━━━ Provided records

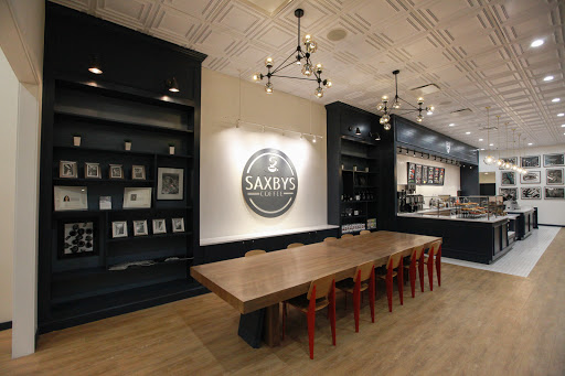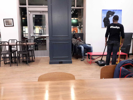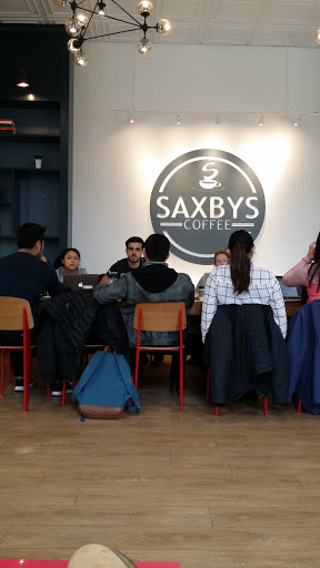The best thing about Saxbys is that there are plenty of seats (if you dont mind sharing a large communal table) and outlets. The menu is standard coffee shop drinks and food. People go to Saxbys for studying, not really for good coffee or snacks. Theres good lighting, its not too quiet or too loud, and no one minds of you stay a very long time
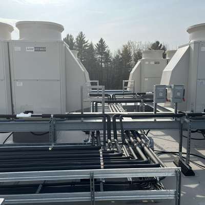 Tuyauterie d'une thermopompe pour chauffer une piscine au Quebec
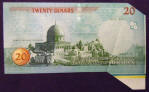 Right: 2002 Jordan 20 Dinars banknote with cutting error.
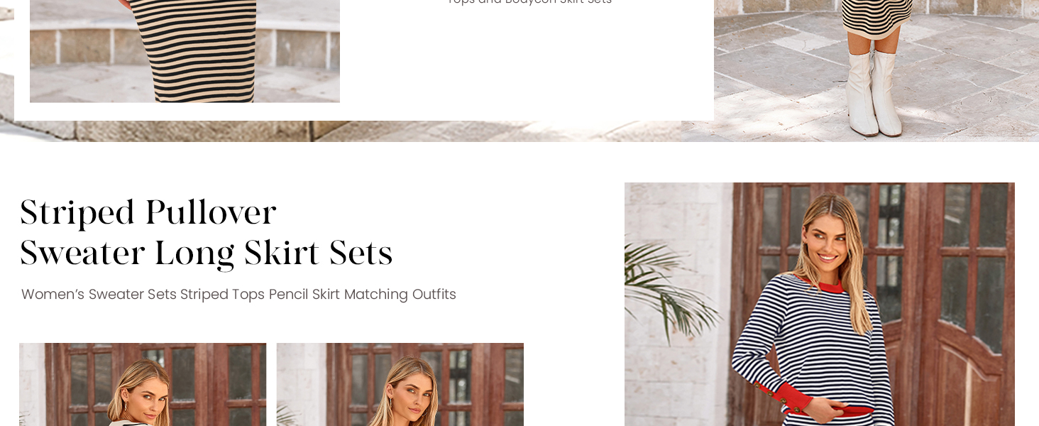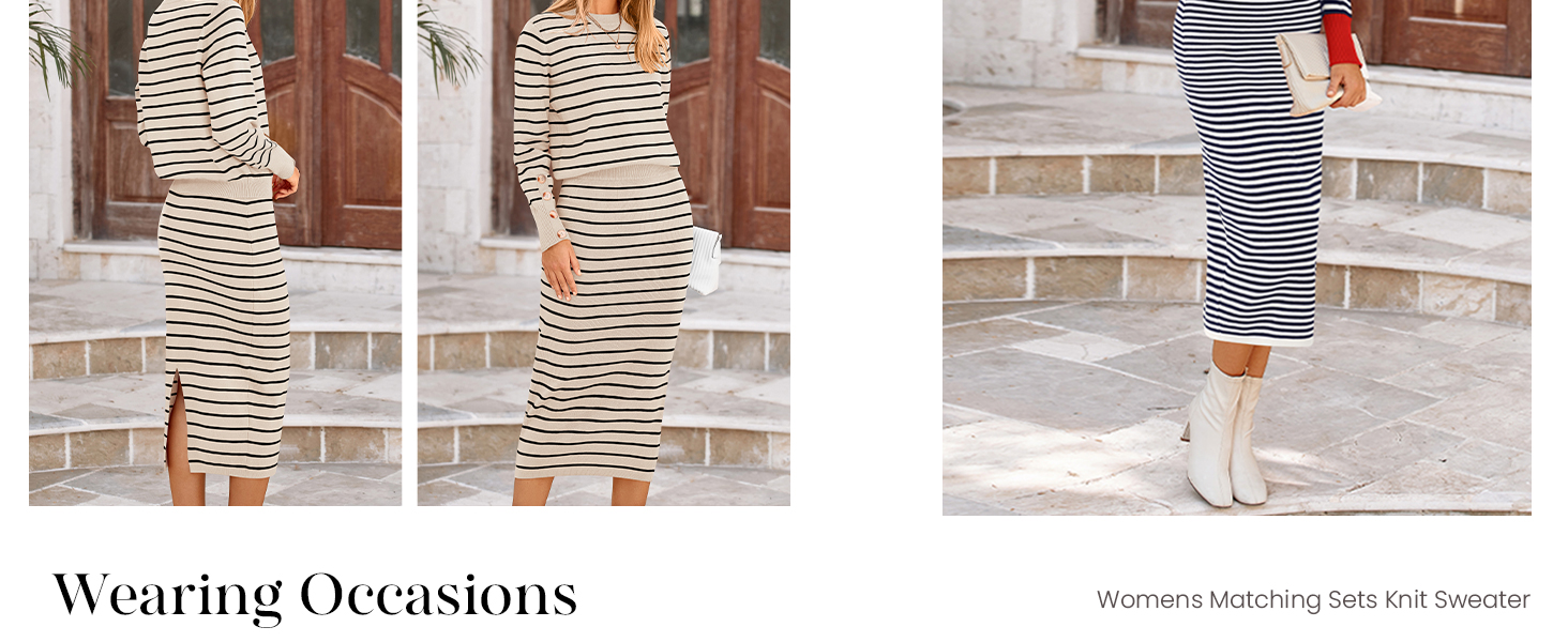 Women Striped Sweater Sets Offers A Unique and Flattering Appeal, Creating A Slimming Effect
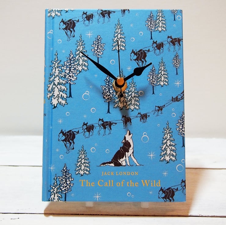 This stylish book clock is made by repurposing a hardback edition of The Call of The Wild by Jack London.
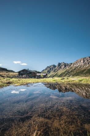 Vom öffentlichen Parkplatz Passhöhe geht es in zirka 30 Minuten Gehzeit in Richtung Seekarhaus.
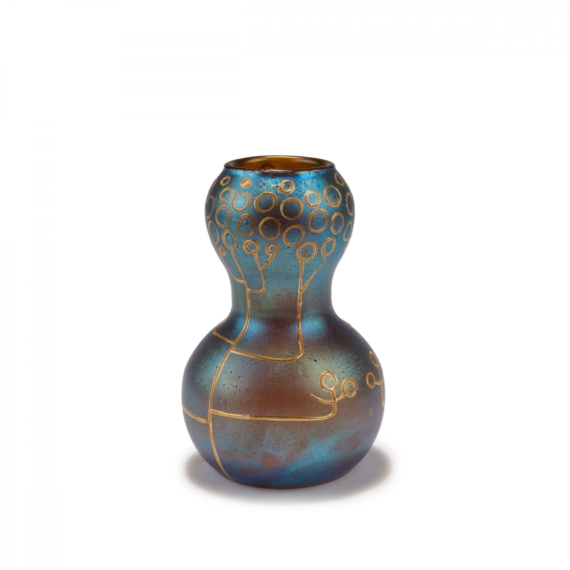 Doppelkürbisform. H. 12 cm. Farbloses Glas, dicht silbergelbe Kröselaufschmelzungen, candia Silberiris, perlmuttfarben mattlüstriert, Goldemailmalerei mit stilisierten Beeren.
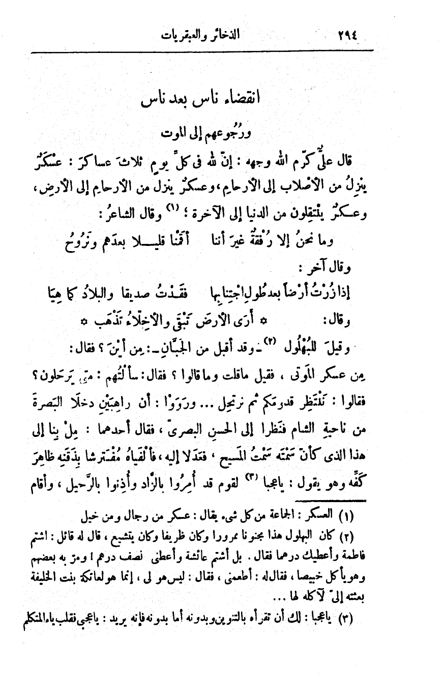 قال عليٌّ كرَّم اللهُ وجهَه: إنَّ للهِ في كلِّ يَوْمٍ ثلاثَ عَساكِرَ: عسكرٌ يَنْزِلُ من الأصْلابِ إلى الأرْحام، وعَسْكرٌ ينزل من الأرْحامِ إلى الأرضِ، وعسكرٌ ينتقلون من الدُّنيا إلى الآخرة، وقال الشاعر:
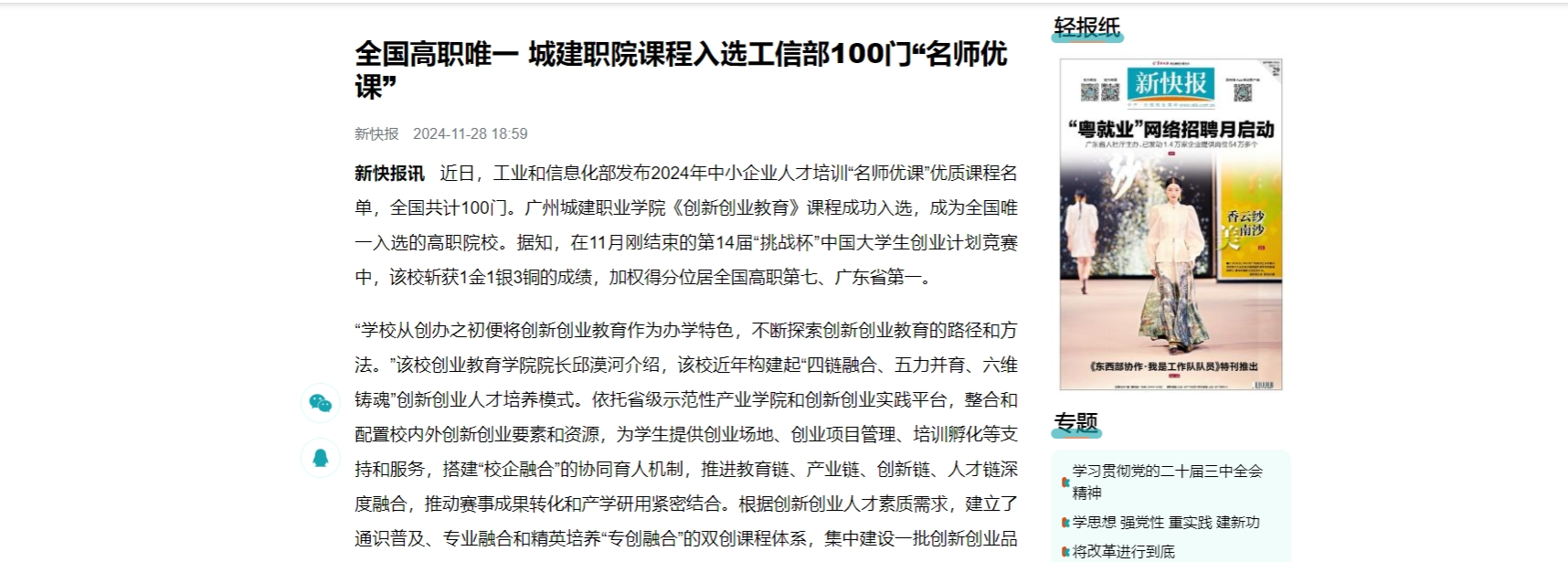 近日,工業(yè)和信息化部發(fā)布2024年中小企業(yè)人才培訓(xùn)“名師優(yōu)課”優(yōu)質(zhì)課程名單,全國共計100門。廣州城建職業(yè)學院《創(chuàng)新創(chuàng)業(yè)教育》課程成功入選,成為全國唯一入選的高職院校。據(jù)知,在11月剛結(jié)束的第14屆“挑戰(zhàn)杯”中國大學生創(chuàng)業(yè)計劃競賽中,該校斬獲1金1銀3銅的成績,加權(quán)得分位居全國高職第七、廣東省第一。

━━━━━━

| Problem to solve |
All that should be printed is the run of lines above from the one with "Tuyauterie d'une thermopompe" through the one with "This stylish book", both included, exactly as given, with pictures left out.

| Problem solution |
 Tuyauterie d'une thermopompe pour chauffer une piscine au Quebec
 Right: 2002 Jordan 20 Dinars banknote with cutting error.
 Women Striped Sweater Sets Offers A Unique and Flattering Appeal, Creating A Slimming Effect
 This stylish book clock is made by repurposing a hardback edition of The Call of The Wild by Jack London.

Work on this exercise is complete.